The standards put emphasis on using computers and calculators to render much manual calculation, and therefore instruction of such methods obsolete.

• "Contrary to the fears of many, the availability of calculators and computers has expanded students' capability of performing calculations. There is no evidence to suggest that the availability of calculators makes students dependent on them for simple calculations." (Intro)

• "Calculators must be accepted at the K-4 level as valuable tools for learning mathematics." (K-4.O)

• "Calculators enable children to compute to solve problems beyond their paper-and-pencil skills." (K-4.8)

• "The calculator renders obsolete much of the complex paper-and-pencil proficiency traditionally emphasized in mathematics courses." (5-8.O)

• "By assigning computational algorithms to calculator or computer processing, this curriculum seeks not only to move students forward but to capture their interest." (9-12.O)

Math appreciation and culture

According to the introduction:

• The first goal for all students is "they learn to value mathematics". ( Intro) ** See Quotes

• "Students should have numerous and varied experiences related to the cultural, historical, and scientific evolution of mathematics so that they can appreciate the role of mathematics in the development of our contemporary society." (Intro)

Problem Solving

General Problem-Solving Skills is seen as a way to solve problems without requiring teaching or memorizing specific math knowledge, such as common denominators or using a formula to compute an average.

• "Problem solving should be the central focus of the mathematics curriculum" (K-4.1)

• "Mathematical problem solving, in its broadest sense, is nearly synonymous with doing mathematics." (9-12.1)

• "A vital component of problem-solving instruction is having children formulate problems themselves." (K-4.1)

• The problem-solving strategies identified by the NCTM for the K-4 level are "using manipulative materials, using trial and error, making an organized list or table, drawing a diagram, looking for a pattern, and acting out a problem." At the 5-8 level the NCTM adds "guess and check". (K-4.1) and (5-8.1)

Critics cite "trial and error" and other content-independent "problem solving" skills as inappropriate ways of applying the fundamental strategy of "discovery learning" to math.

Mathematical communications

• "The communication standard (Standard 2) calls for the integration of language arts as children write and discuss their experiences in mathematics." (K-4.4)

• "Students should be encouraged to explain their reasoning in their own words." (5-8.3)

• "In mathematics, just as with a building, all students can develop an understanding and appreciation of its underlying structure independent of a knowledge of the corresponding technical vocabulary and symbolism." (9-12.14)

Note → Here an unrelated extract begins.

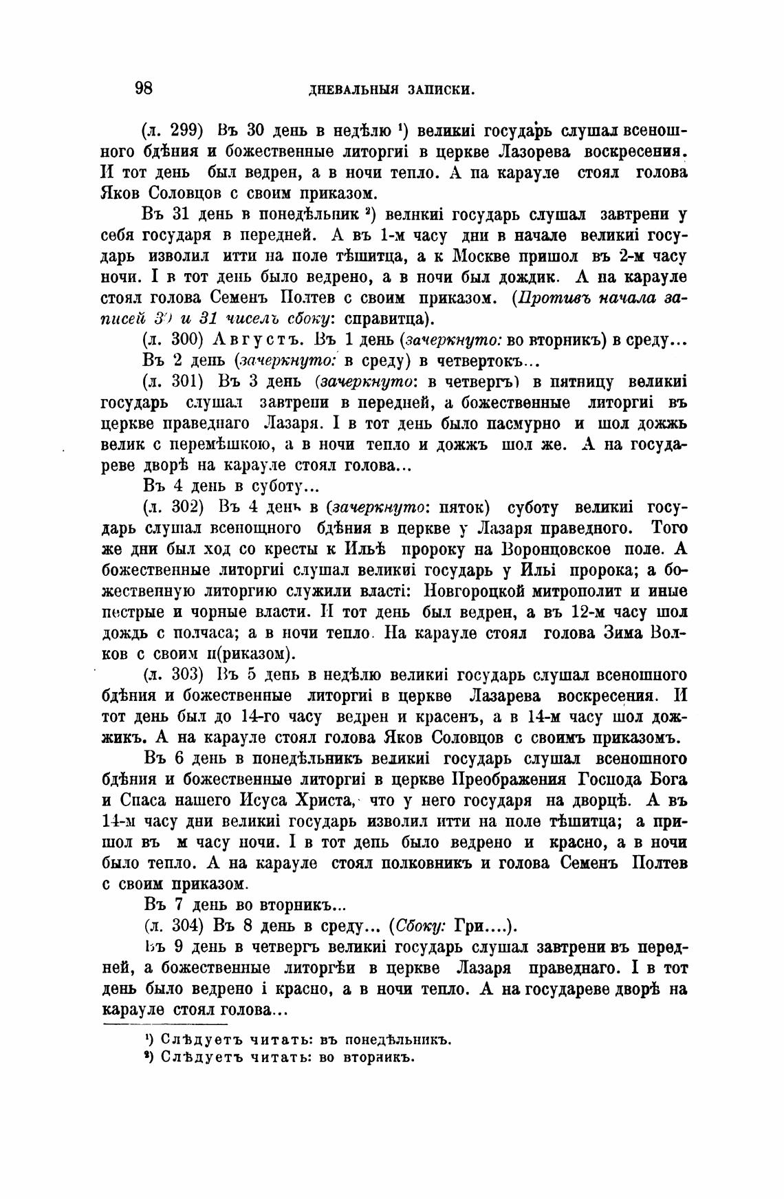 1) Сл%дуетъ читать: въ понед%льникъ.

Critics agree communication skills may be even more important than math skills, but they're not math. Some parents worry about when their children writing, cutting, pasting and drawing more than computing. Many standards based exercises such as drawing pie charts and finding patterns in data appear to be Powerpoint rather than mathematics skills.

Math Wars: Controversy

Main article: Math wars

The document and curricula based on it were later fiercely opposed by many parents and mathematics professionals, and rejected by many states and school districts. As a major component of standards-based education reform, the NCTM standards were to be the mathematics counter part to whole language, which was received with much opposition, science, and history curriculum standards largely aligned with constructivism. Parents opposing reform mathematics often complain about decreased focus on basic computation skills and confusion caused by the increased emphasis on exploration and explanation. One parent, speaking out on the controversy in the highly regarded Ridgewood, NJ school district, put it thus: "It's like math for English majors...It was never equations. It was patterns, drawing circles, writing down numbers and explaining what you did."[10]

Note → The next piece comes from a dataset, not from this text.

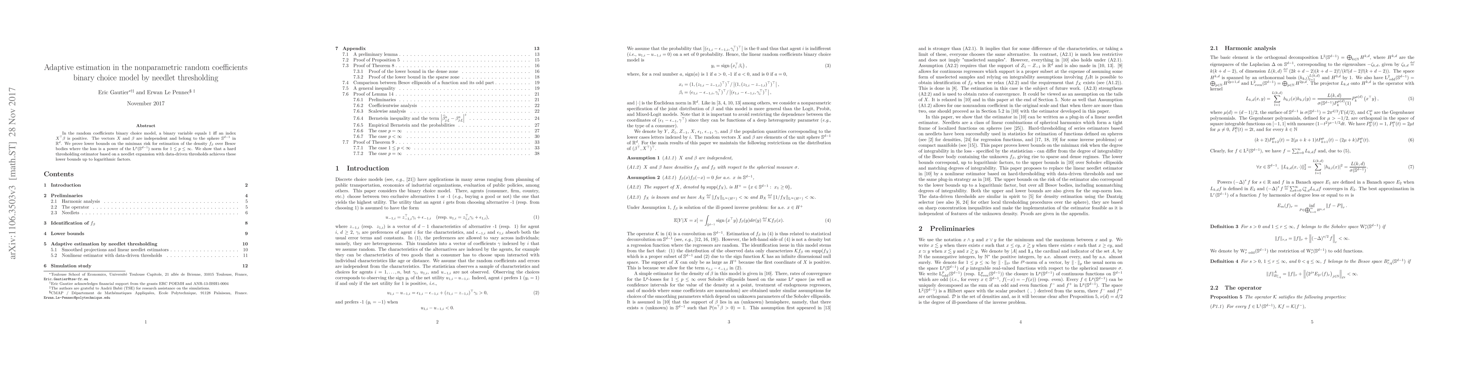 In the random coefficients binary choice model, a binary variable equals 1 iff an index $X^\top\beta$ is positive.The vectors $X$ and $\beta$ are independent and belong to the sphere $\mathbb{S}^{d-1}$ in $\mathbb{R}^{d}$.We prove lower bounds on the minimax risk for estimation of the density $f\_{\beta}$ over Besov bodies where the loss is a power of the $L^p(\mathbb{S}^{d-1})$ norm for $1\le p\le \infty$. We show that a hard thresholding estimator based on a needlet expansion with data-driven thresholds achieves these lower bounds up to logarithmic factors.

Compared to traditional sequences, many innovators had determined that an emphasis on elementary arithmetic was inefficient and unproductive for many students in the age of calculators. At the same time, since only a few students advanced to topics such as algebra, statistics, and calculus, it became important to move such topics to all students in elementary school. Since some of these topics exceed the level of math instruction of many parents and even teachers, the change left many adults feeling inadequate and threatened.

The NCTM Standards have led to changes in mathematics textbooks. Perhaps because of the abruptness of these changes, debate over textbooks has sometimes been polarized. This debate is known as the "Math Wars." ^[13]

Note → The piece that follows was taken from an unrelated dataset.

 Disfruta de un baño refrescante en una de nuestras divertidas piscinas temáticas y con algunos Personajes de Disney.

"Reform" textbooks teach concepts which used to be reserved for advanced students in higher grades, while de-emphasizing procedural skills such as long division. Advanced math texts often require the use of graphing calculators which cost over US $100. Reform texts favor problem-solving in new contexts over template word problems with corresponding examples. Reform texts emphasize written and verbal communication, working in a group, connections between concepts, connections between representations, activities such as cutting, pasting, and in the case of "Investigations" singing that were once reserved for kindergarten. Some devote so much space in print on "contexts" that the Core-Plus Mathematics Project includes a separate index of contexts with topics ranging from the board-game Monopoly to Nike and rain forests.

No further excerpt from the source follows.